The Internet’s ability to untether people has really changed the whole dynamic around what is entertainment and what is necessary and what is not.
While the TV Everywhere initiative pushes video entertainment out of the living room and into roving devices like laptops, PCs and mobile phones, it expands the video entertainment experience. To take it one step further, with what I’ll call People Everywhere, today’s technology, with slight modifications, can push content out to users everywhere and at the same time pull user information that can be used later.
The idea behind People Everywhere is to place existing technology—or stuff yet to be developed—into a device that is carried everywhere. While that sounds like a smartphone, to paraphrase Brian Roberts, it should be a smartphone on steroids. This always-on device would not only keep track of the user’s location but would store that information in a cloud-based file for later retrieval. If the user went to the local mall, the device would know what store and even what department; a sports store and the tennis department, for instance.
On the surface this whole thing does sound somewhat intrusive and creepy. What makes People Everywhere a winning concept is that the user can take that same device and control how information retrieved during the day is presented in its most useful fashion all accessed from a device that might have its own screen but also might, through the wonders of technology, transform into a remote control or mouse that connects to yet another screen. Turn on the TV at home or in the hotel and get an ad not for Slazenger golf balls but rather for Slazenger tennis equipment because you’d been searching the tennis department. Turn on the PC and find not an annoying ribbon for the local car dealer but a more pleasing visage of the latest line of Izod tennis shorts.
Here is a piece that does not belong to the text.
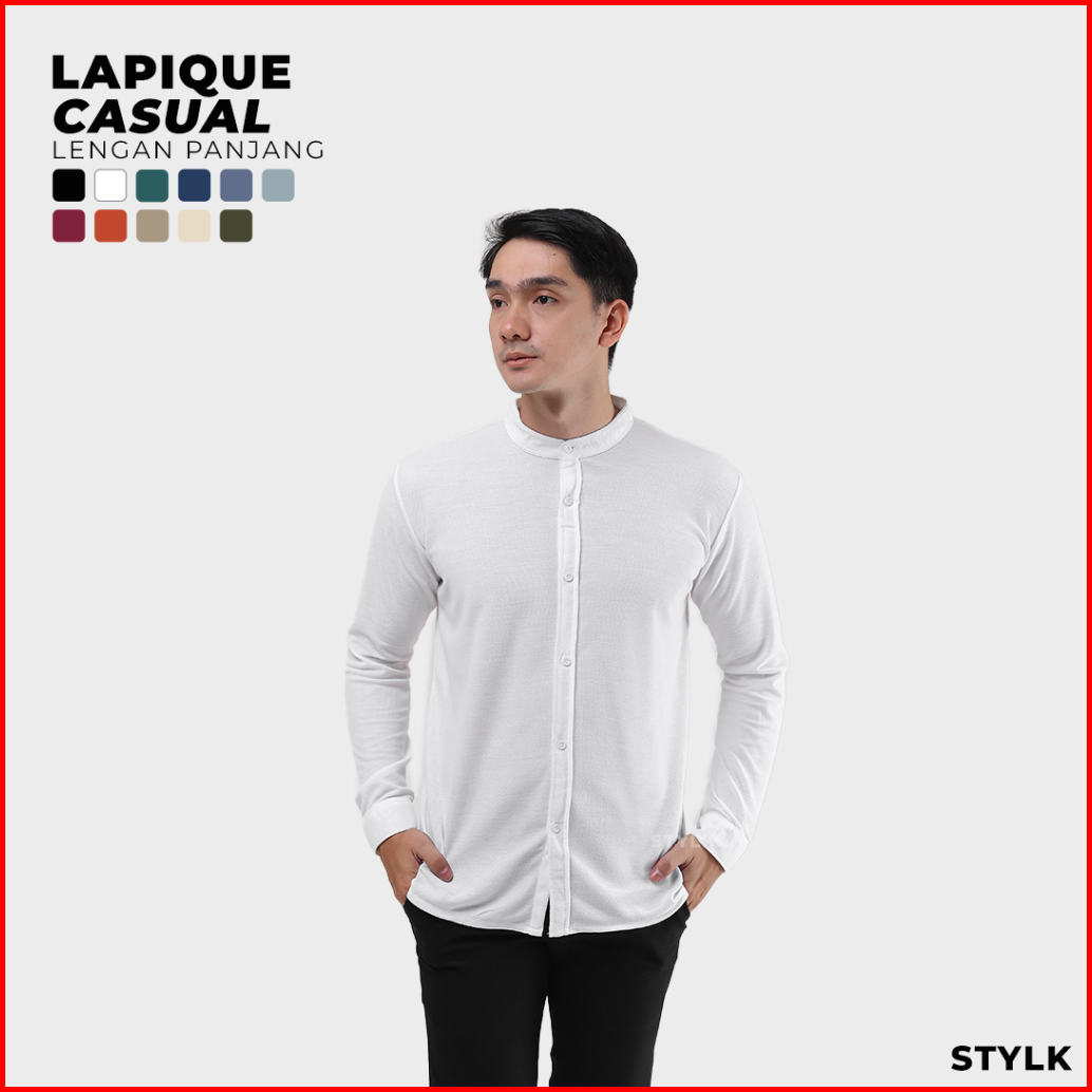 Stylelaki Lapique - Kemeja Putih Pria Casual Lengan Panjang Slim Fit Anti Kusut Nyaman Dan Lembut

People Everywhere is a concept that’s a ways out—but it’s not science fiction. People like Intel are working feverishly on smart remote controls that recognize and sense consumers; cable operators are TV Everywhere outside the normal home entertainment center; every mobile phone knows where you are; and motion detection is a video game must. Put them all together in one small package, connected, of course, to the cloud and you have People Everywhere; an idea waiting to be born.